■ Work task: Could you give the entries back exactly as they stand, minus any pictures?
[[ Dataset excerpts, beginning ]]
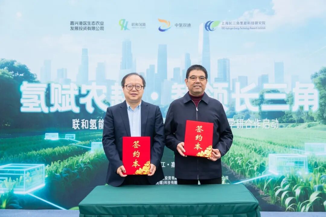氢农业作为绿色低碳农业的前沿方向,其发展离不开政企协同与产学研的深度融合。联和氢能与中氢双迪代表共同签署了产学研合作协议,双方将携手整合科研力量与产业资源,为氢农业的技术攻关与成果转化注入强劲动力。
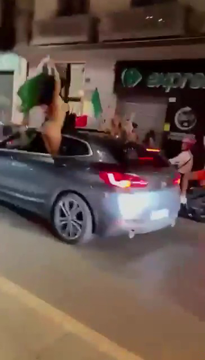 The excited woman was caught on camera being driven through the streets of Italy, parading the famous green, white and red tricolore with nothing but a pair of underpants on.
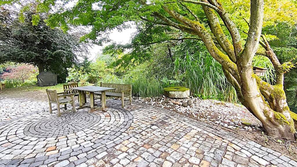 Zum Haus gehört ein großes weitläufiges Gartengrundstück, das sowohl vom Wohnzimmer der größeren Eigentümerwohnung, als auch von der Küche aus betreten werden kann. Diese Wohnung wurde umfassend modernisiert und den individuellen Bedürfnissen angepasst. Besonders die geräumige Wohnküche wurde liebevoll umgestaltet und mit hochwertigen Elektrogeräten ausgestattet. Ebenfalls im Erdgeschoss liegt das vom Flur aus begehbare gemütliche Wohnzimmer mit dem offenen Kamin, die große Wohnküche, das Gäste-WC, sowie ein weiterer Wohnraum. Eine Treppe führt ins Obergeschoß zum Bad und zum Schlafzimmer mit der von dort aus zugänglichen Terrasse. Das großzügig geschnittene Grundstück bietet Platz zum Parken vor dem Haus. Der große Abstellraum ist von außen aus zu betreten. Beide Wohnungen haben einen separaten Außenzugang, wobei sich die Räume jeweils auf 2 Etagen verteilen. Die im Obergeschoß liegende Terrasse ist von beiden Wohnungen aus zugänglich. Zum Haus gehört ein von der Stadt Essen geduldetes angebautes Pflanzenhaus und ein von der Stadt Essen geduldetes freistehendes Holz-Blockbohlenhaus.
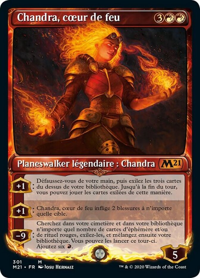 | Rules | +1: Discard your hand, then exile the top three cards of your library. Until end of turn, you may play cards exiled this way. +1: Chandra, Heart of Fire deals 2 damage to any target. −9: Search your graveyard and library for any number of red instant and/or sorcery cards, exile them, then shuffle. You may cast them this turn. Add six . |
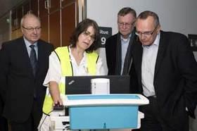 Superbruger på Regionshospitalet Randers, Helle Moesgaard Odby (gul vest) demonstrerer en stuegangs-model af den fulde EPJ-Columna for (fra venstre): cheflæge Morten Noreng, regionsdirektør Bo Johansen og regionsrådsformand Bent Hansen (S) (Foto: Region Midt)
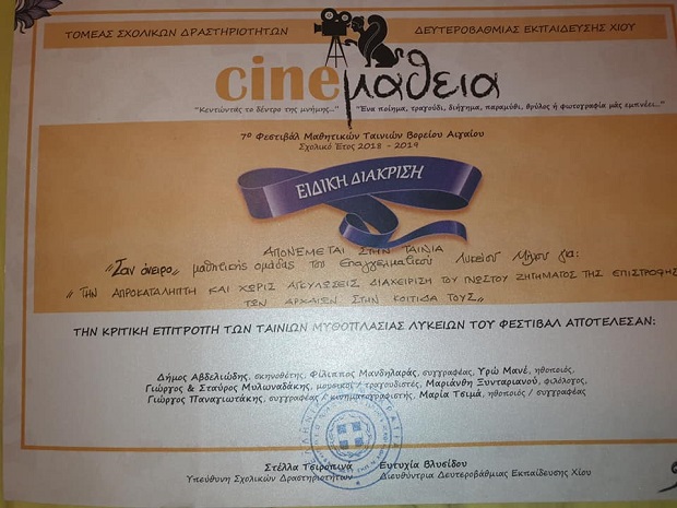 Ειδική Διάκριση για “Την απροκατάληπτη και χωρίς αγκυλώσεις διαχείριση του γνωστού ζητήματος της επιστροφής των Αρχαίων στην κοιτίδα τους ” έλαβε η μαθητική ταινία του ΕΠΑ.Λ Μήλου με τίτλο “Σαν όνειρο”, στο 7ο Φεστιβάλ μαθητικών ταινιών Cineμάθεια 2018-2019.
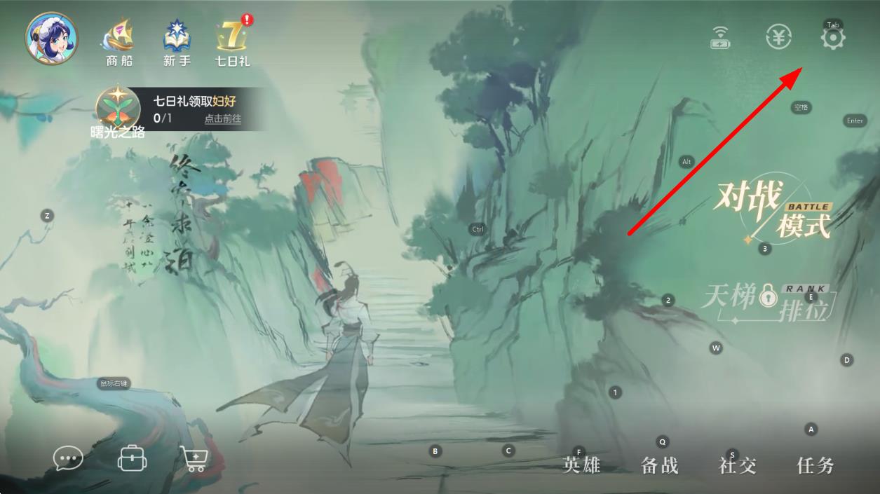 1、进入游戏主界面点击右上方设置图标,进入设置页面。
[[ Dataset excerpts, end ]]
■ Expected answer:
氢农业作为绿色低碳农业的前沿方向,其发展离不开政企协同与产学研的深度融合。联和氢能与中氢双迪代表共同签署了产学研合作协议,双方将携手整合科研力量与产业资源,为氢农业的技术攻关与成果转化注入强劲动力。
 The excited woman was caught on camera being driven through the streets of Italy, parading the famous green, white and red tricolore with nothing but a pair of underpants on.
 Zum Haus gehört ein großes weitläufiges Gartengrundstück, das sowohl vom Wohnzimmer der größeren Eigentümerwohnung, als auch von der Küche aus betreten werden kann. Diese Wohnung wurde umfassend modernisiert und den individuellen Bedürfnissen angepasst. Besonders die geräumige Wohnküche wurde liebevoll umgestaltet und mit hochwertigen Elektrogeräten ausgestattet. Ebenfalls im Erdgeschoss liegt das vom Flur aus begehbare gemütliche Wohnzimmer mit dem offenen Kamin, die große Wohnküche, das Gäste-WC, sowie ein weiterer Wohnraum. Eine Treppe führt ins Obergeschoß zum Bad und zum Schlafzimmer mit der von dort aus zugänglichen Terrasse. Das großzügig geschnittene Grundstück bietet Platz zum Parken vor dem Haus. Der große Abstellraum ist von außen aus zu betreten. Beide Wohnungen haben einen separaten Außenzugang, wobei sich die Räume jeweils auf 2 Etagen verteilen. Die im Obergeschoß liegende Terrasse ist von beiden Wohnungen aus zugänglich. Zum Haus gehört ein von der Stadt Essen geduldetes angebautes Pflanzenhaus und ein von der Stadt Essen geduldetes freistehendes Holz-Blockbohlenhaus.
 | Rules | +1: Discard your hand, then exile the top three cards of your library. Until end of turn, you may play cards exiled this way. +1: Chandra, Heart of Fire deals 2 damage to any target. −9: Search your graveyard and library for any number of red instant and/or sorcery cards, exile them, then shuffle. You may cast them this turn. Add six . |
 Superbruger på Regionshospitalet Randers, Helle Moesgaard Odby (gul vest) demonstrerer en stuegangs-model af den fulde EPJ-Columna for (fra venstre): cheflæge Morten Noreng, regionsdirektør Bo Johansen og regionsrådsformand Bent Hansen (S) (Foto: Region Midt)
 Ειδική Διάκριση για “Την απροκατάληπτη και χωρίς αγκυλώσεις διαχείριση του γνωστού ζητήματος της επιστροφής των Αρχαίων στην κοιτίδα τους ” έλαβε η μαθητική ταινία του ΕΠΑ.Λ Μήλου με τίτλο “Σαν όνειρο”, στο 7ο Φεστιβάλ μαθητικών ταινιών Cineμάθεια 2018-2019.
 1、进入游戏主界面点击右上方设置图标,进入设置页面。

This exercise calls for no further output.